─── MATERIAL SUPPLIED ───

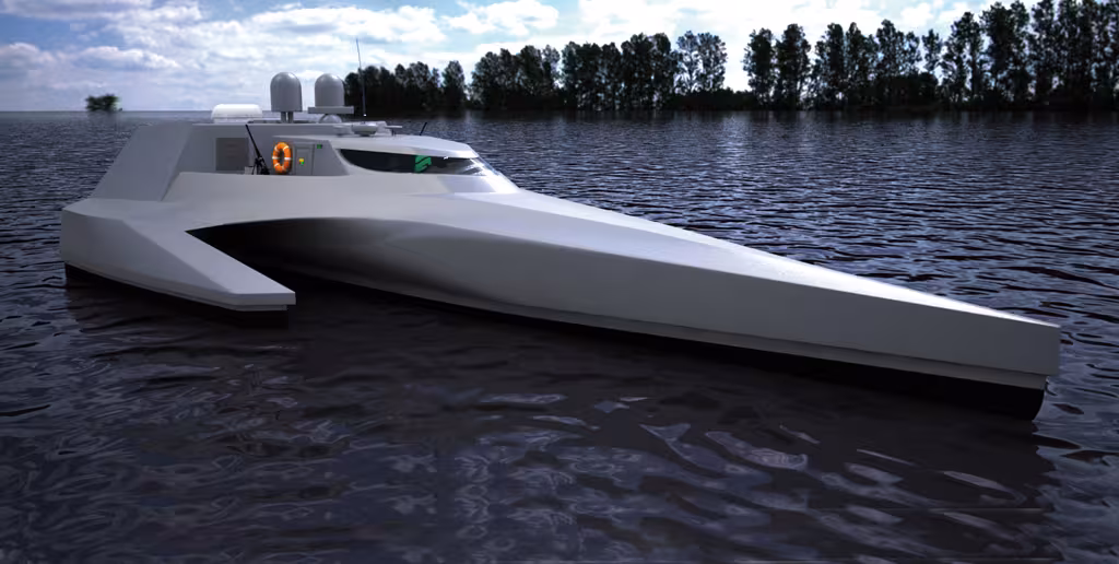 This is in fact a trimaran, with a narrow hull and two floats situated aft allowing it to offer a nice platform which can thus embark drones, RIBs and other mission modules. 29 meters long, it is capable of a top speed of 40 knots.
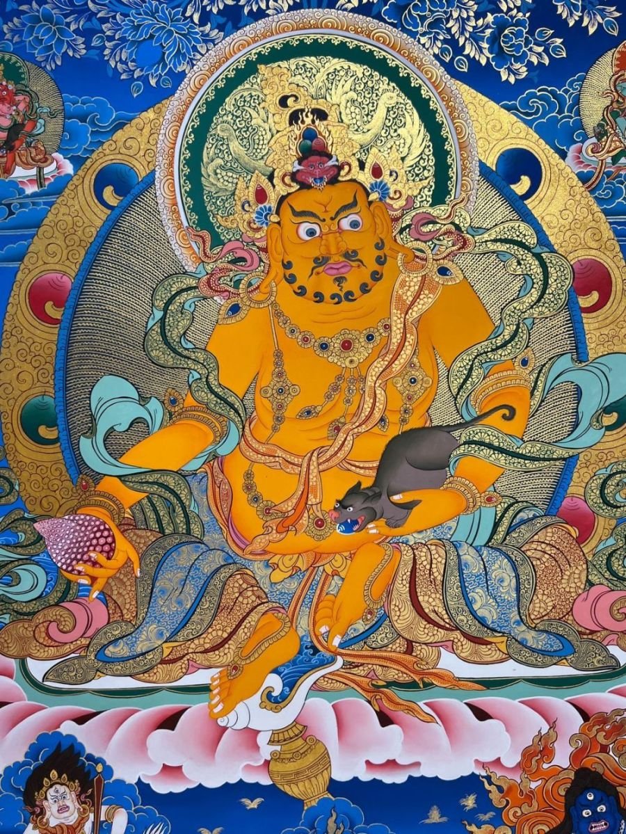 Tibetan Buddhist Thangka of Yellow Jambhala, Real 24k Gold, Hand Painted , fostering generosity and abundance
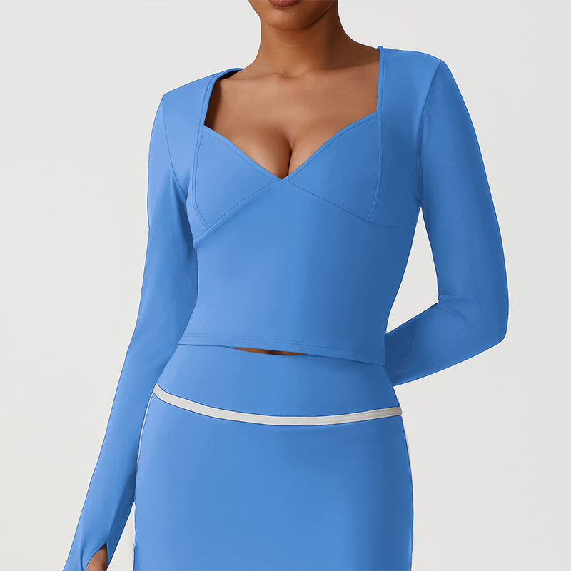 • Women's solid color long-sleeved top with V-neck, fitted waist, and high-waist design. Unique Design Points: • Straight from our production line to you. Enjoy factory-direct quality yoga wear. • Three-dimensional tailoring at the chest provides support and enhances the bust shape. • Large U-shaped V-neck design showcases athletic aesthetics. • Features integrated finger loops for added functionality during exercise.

───
─── MATERIAL SUPPLIED ───

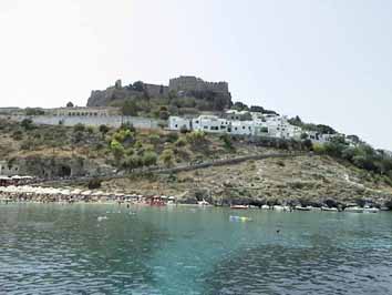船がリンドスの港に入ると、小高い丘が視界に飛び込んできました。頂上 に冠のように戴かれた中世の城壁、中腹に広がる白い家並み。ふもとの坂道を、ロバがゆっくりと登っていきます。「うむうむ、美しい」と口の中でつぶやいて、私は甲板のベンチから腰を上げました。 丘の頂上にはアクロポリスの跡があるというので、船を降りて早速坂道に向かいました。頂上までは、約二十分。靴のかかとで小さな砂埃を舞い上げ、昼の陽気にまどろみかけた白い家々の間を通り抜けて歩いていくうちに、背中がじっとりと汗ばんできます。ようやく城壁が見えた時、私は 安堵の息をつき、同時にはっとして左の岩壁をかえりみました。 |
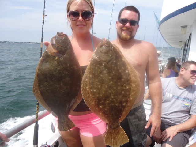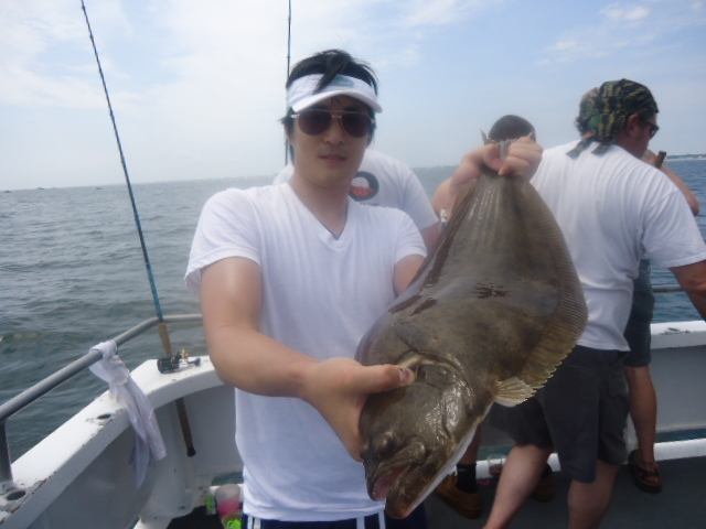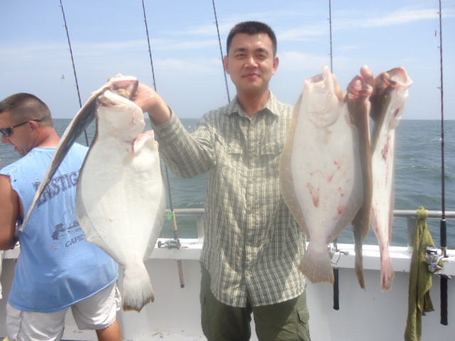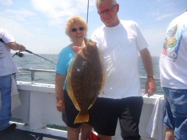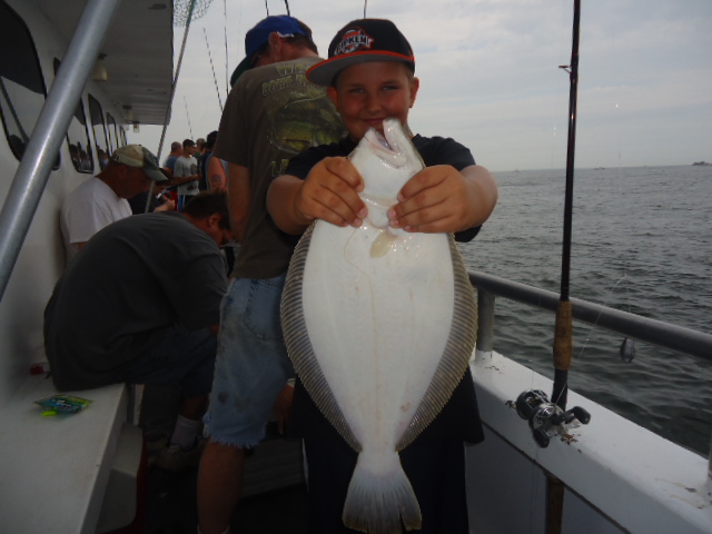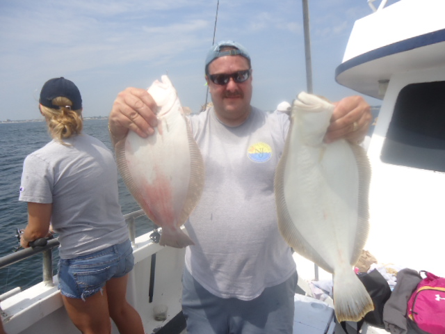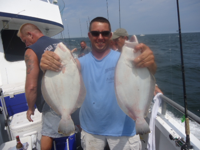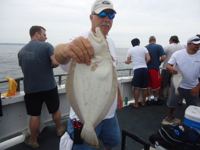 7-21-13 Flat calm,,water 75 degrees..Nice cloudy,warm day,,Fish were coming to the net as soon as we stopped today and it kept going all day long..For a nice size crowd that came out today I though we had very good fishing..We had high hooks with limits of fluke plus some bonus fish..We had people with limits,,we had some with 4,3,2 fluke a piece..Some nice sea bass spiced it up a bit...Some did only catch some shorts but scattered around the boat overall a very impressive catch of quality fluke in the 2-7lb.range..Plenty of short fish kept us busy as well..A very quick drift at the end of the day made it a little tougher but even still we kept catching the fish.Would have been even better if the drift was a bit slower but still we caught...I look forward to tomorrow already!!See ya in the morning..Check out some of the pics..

───

# TASK INSTRUCTIONS:
Write out, word for word, the stretch of entries that begins at the line with "This is in fact" and ends at the line with "functionality during exercise.". Pictures do not belong in it.

# WRITTEN ANSWER:
 This is in fact a trimaran, with a narrow hull and two floats situated aft allowing it to offer a nice platform which can thus embark drones, RIBs and other mission modules. 29 meters long, it is capable of a top speed of 40 knots.
 Tibetan Buddhist Thangka of Yellow Jambhala, Real 24k Gold, Hand Painted , fostering generosity and abundance
 • Women's solid color long-sleeved top with V-neck, fitted waist, and high-waist design. Unique Design Points: • Straight from our production line to you. Enjoy factory-direct quality yoga wear. • Three-dimensional tailoring at the chest provides support and enhances the bust shape. • Large U-shaped V-neck design showcases athletic aesthetics. • Features integrated finger loops for added functionality during exercise.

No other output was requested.